A diferença entre os clássicos e a produção popular da expressão musical não é somente técnica, mas de acesso: ao público e ao equipamento desde àquele momento. Até o final do século XIX, com a queda das músicas de concerto, o acesso era limitado apenas àqueles que pertenciam à classe artística, que era paga para existir — por meio, seja do mecenato às instituições de arte — e muito associada aos aristocratas e instituições religiosas. No que consta cultura musical popular, não havia distinção entre eles e outras formas de classe “trabalhadora”, visto que na verdade a criação artística era paralela ao seu “verdadeiro ofício”. 

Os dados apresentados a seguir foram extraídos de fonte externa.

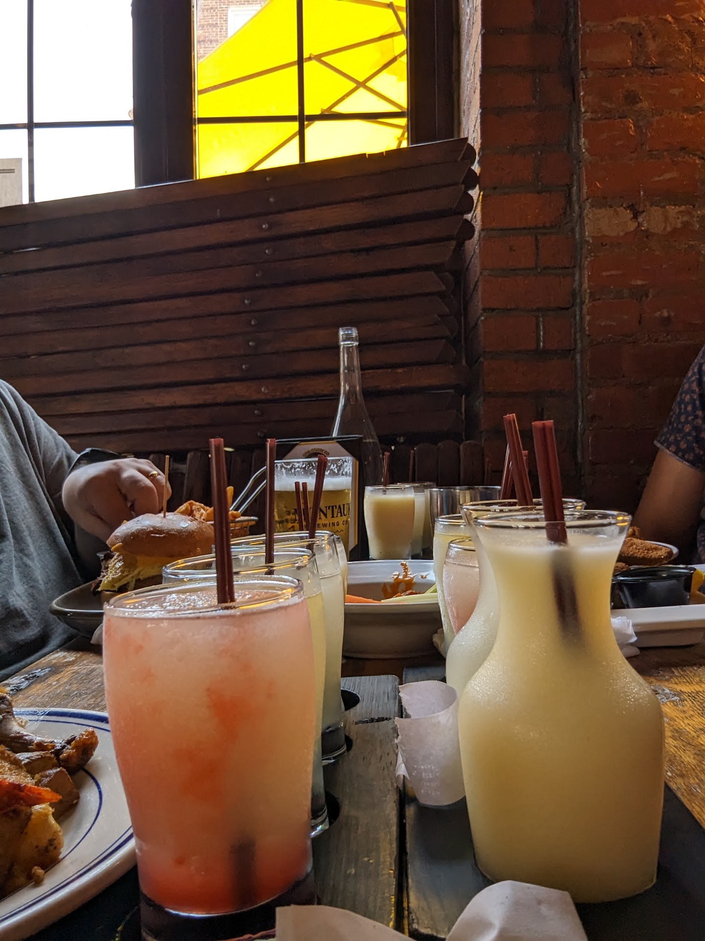 Read moreWe went here on a Sunday around 1:00. No reservation. We waited about 30 minutes and the hostess let us know that she had a table. However, it was right in front of the band that was about to perform and it might be loud. The alternative was waiting another 40 minutes, so we took it. Mistake, the amps are way too loud for the space. We tried to make it work but I couldn't hear my husband and he was right next to me. After 20 mins no waiter even came over but the hostess did come over to let us know another table opened up if we wanted to move, so we did. After 10 minutes our waitress finally came over and since we waited so long we knew what we wanted from drinks,appetizers to mains,so we ordered everything at once. Unfortunately and unwisely everything came at once. Three appetizers and three mains all came to the table at the exact same time. When one of my friends orders was wrong, the waitress was very argumentative. He ordered chicken and biscuits and he got chicken and waffles. It was so loud in there that it would make sense that she miss heard, but this seemed to stress her out and the service fell off from there. When she came out to bring the drinks there was no space on the table. We ordered three frozen flights and a beer, She just handed it to us and left the beer on the edge of the table leaving us to rearrange. We got the vibe that they wanted us to leave, another waitress came to clear our plates. But my friend was visibly still eating and she just stood there staring at him until he rushed his last bite and gave her the plate. While the food was good, the service was terrible, There was also an automatic 18% gratuity which was laughable based on the service. The band was good, but far too loud for the time of day. if you're looking to have a conversation at brunch I would not recommend this place. Even the hostess had to go outside to phone calls. This was a one and done spot, which is a shame because the food was good . We walked up the street to Cobblestone, better vibes and...

A falta de acesso aos equipamentos cria, para quem ainda assim insiste em criar música por fora dos meios “formais” de financiamento, a necessidade de produzir sua própria técnica e equipamentos. É possível dizer, portanto, que a cultura DIY (Do It Yourself, ou “Faça você mesme”) é um exemplo desse movimento, embora seja mais antiga até mesmo que a gravação de discos e o estabelecimento de uma indústria musical consistente. 


O DIY, ao longo do século passado, se estabeleceu nas culturas de rua, desde o Jazz de Dixieland até o rock estadunidense tocado pelos junkies, e o indie rock dos anos 1980, como o do Sonic Youth. No Brasil, pode-se falar falar sobre o punk rock, sobre o modo de criação de equipamentos da banda Mutantes — que adaptavam as suas guitarras para captação interna da distorção, para gravar direto na mesa de som —, ou mesmo a adaptação de equipamentos gringos para criar o funk, em que os equipamentos de DJ eram “traduzidos” por meio de samples e baterias. Em todo caso, há movimentos que surgem da rua, e que nascem justamente da falta de se estabelecer dentro do mercado geral. 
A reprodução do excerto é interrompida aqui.